After a protest in Barnard College’s Milstein Library, two WKCR journalists received a “fact-finding” request from Barnard’s Community Accountability, Response, and Emergency Services office. They requested a meeting with the students to provide information refuting that they were involved in the protests. Barnard asked these student journalists to prove they were with the press and provide other information in a closed-door meeting or face punishment via the student code of conduct. The meeting was later cancelled by the school but not before stoking fear amongst student reporters that their reporting could implicate them in the campus disciplinary investigations.

Despite some barriers to campus press freedom during the tensest moments of the Spring 2024 protests, Barnard and Columbia did initially separate student reporters from protestors, allowing reporters to enter protests and cover the events without penalty. This is in sharp contrast to some schools, such as Stanford and Dartmouth, where student journalists have been arrested for similar reporting on student protests, with some facing felony charges and academic discipline.

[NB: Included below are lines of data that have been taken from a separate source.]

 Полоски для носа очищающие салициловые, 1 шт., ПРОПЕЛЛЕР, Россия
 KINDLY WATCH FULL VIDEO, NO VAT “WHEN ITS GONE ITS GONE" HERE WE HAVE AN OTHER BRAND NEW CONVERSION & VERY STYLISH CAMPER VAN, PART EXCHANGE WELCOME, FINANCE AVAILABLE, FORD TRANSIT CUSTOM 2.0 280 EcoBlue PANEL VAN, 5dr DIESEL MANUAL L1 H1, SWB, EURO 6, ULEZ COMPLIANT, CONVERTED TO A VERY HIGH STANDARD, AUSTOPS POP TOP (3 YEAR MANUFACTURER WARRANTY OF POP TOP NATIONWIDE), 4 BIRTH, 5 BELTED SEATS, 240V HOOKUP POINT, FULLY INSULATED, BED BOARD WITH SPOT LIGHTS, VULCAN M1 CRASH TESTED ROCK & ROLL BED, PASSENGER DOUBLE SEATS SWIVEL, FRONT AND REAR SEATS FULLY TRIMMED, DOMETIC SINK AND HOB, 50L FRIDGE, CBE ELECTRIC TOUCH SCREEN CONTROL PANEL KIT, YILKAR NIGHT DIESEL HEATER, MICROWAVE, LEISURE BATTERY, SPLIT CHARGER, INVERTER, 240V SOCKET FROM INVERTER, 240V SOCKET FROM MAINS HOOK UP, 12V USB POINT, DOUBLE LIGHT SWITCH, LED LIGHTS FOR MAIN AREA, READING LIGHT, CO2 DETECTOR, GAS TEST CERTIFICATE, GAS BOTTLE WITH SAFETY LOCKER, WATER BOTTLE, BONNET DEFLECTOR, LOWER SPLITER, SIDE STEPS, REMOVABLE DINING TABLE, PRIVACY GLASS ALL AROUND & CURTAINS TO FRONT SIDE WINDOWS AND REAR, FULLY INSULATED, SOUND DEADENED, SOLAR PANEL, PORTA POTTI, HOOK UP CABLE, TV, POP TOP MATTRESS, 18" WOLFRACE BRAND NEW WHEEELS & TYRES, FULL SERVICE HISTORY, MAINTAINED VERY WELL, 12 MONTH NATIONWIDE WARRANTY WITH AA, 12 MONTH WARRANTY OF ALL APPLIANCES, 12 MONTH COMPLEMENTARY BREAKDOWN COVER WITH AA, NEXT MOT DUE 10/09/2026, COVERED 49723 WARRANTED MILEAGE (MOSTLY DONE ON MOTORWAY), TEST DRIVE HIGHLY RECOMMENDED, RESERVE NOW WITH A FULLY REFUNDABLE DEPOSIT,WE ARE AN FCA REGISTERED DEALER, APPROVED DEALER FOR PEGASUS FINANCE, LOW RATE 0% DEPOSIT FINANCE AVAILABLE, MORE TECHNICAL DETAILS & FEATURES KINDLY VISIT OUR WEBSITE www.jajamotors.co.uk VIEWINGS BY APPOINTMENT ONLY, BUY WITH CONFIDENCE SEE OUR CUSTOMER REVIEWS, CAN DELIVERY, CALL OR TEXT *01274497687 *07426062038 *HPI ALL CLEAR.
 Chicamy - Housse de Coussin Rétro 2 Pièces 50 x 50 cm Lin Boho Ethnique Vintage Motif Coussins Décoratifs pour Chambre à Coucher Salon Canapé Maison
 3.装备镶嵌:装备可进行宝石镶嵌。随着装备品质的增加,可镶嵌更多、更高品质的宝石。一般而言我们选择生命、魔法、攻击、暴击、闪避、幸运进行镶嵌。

This past Spring, however, my school broke from their previous behavior. For the first time, three student journalists were suspended and quickly unsuspended after covering the Butler Library protest. For less than 24 hours, these students were prohibited from taking final exams and told they must vacate their student housing. Rather than studying for finals, these students spent the day in anxious attempts to prove to the school that they were student journalists despite doing all the right things: identifying themselves on the scene, wearing press badges, and reporting in a professional manner.

During this same protest, student press outside the library were restrained and shoved by school public safety officers and denied access to the main area where protests were unfolding – despite having press badges. If not for the three journalists who faced suspension, crucial reporting from the field would not have existed, including a timeline of events, video footage, and photos inside of the library. Even though these suspensions were temporary, it certainly sent a chilling message throughout Columbia and Barnard’s student press community — reporting on protests could impact their academic status.

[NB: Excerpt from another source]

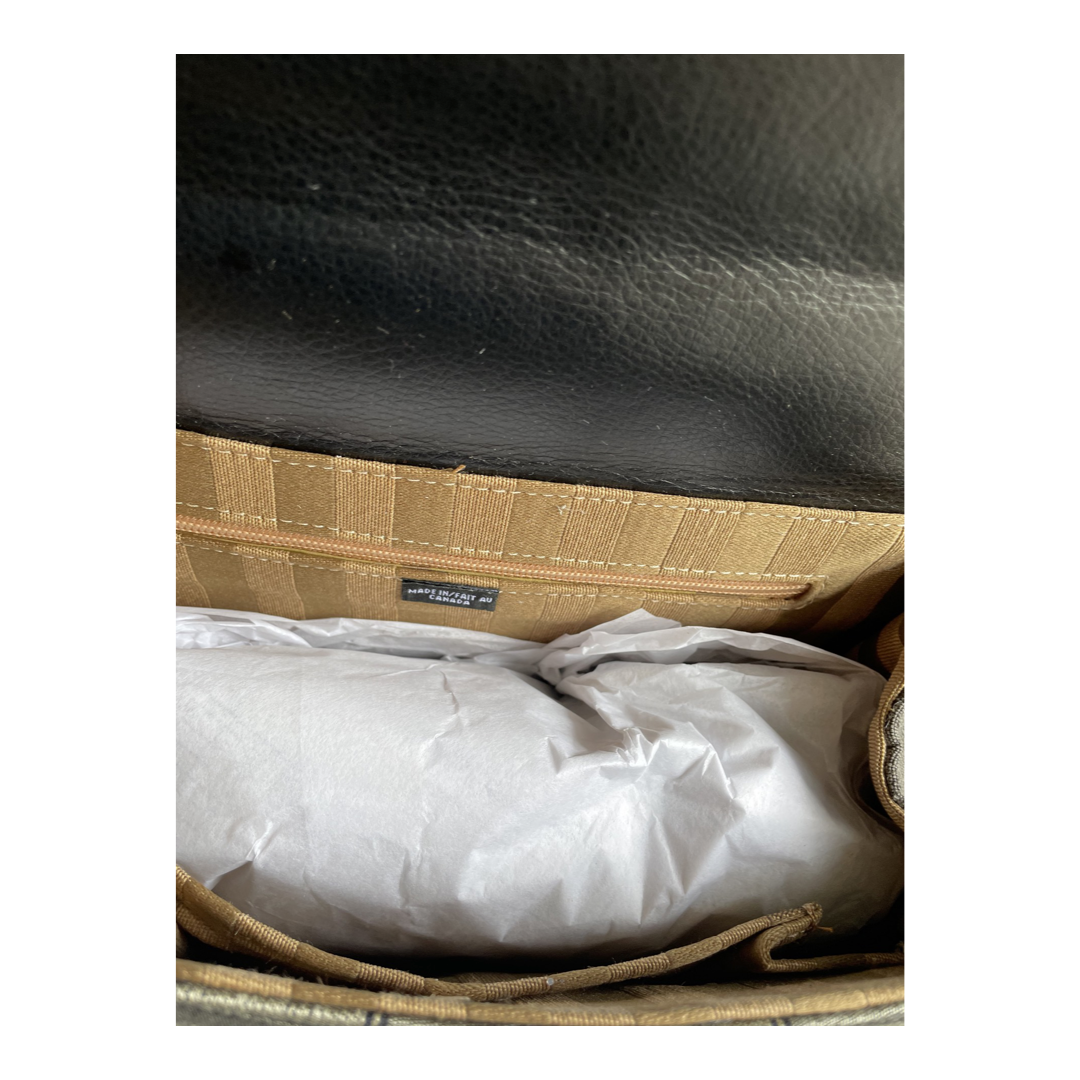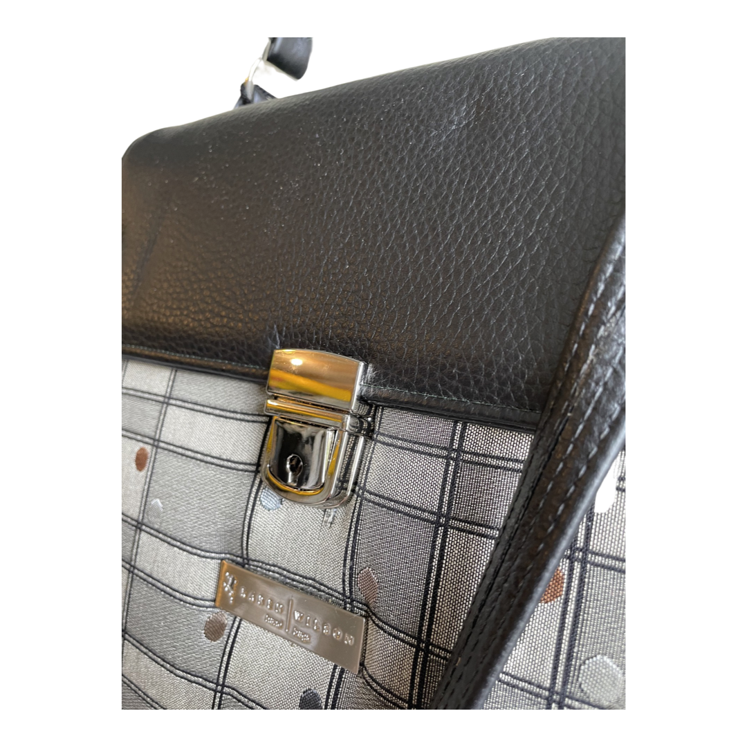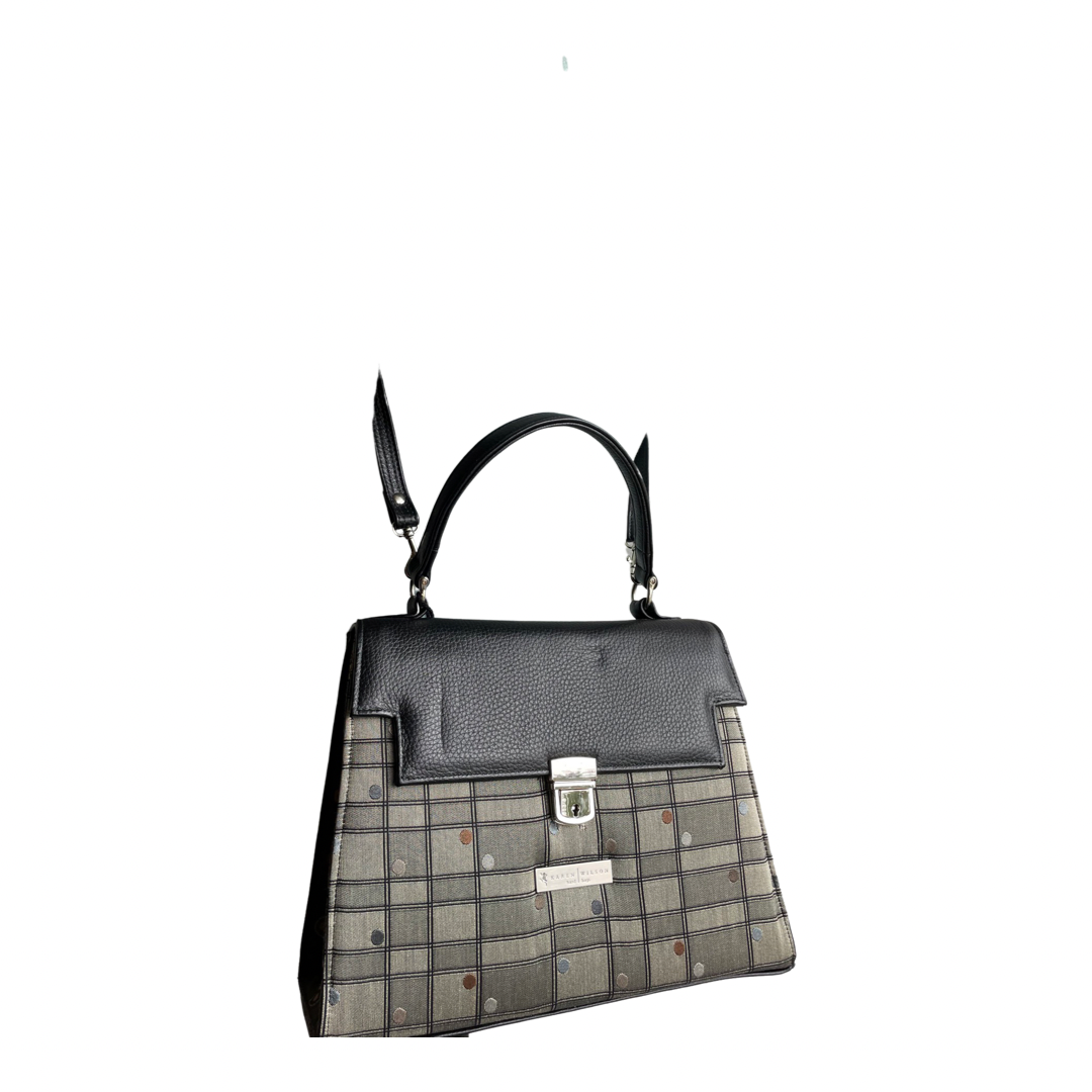 A large Kelly Bag in a gray graphic upholstery fabric with a black leather flap and a polished nickel lock

After months of trying to meet with the Acting Columbia President Claire Shipman, she finally agreed to an interview with Spectator student journalists in the wake of Columbia’s $200 settlement with the Trump administration. This is the first time Shipman has sat down with the student press – a significant turning point in the silence from administration toward the student press for the past six months.

Student journalists at Barnard and Columbia are not alone. Universities across the country continue to crack down on student press. I know that a free press is critical to our society. Columbia’s student journalists have worked tirelessly to follow protocol instituted by the university, while also learning how to function as the University’s Fourth Estate, keeping power accountable. As I start the new school year and my senior year, I hope student reporters, editors, and press broadly can continue to hold those in power on campus accountable for their actions and inform communities in the process. I hope to spend my last year on the opinion section working on new projects, continuing to cover unfolding situations on campus, and upholding the opinion section’s motto to “reflect and direct campus discourse.”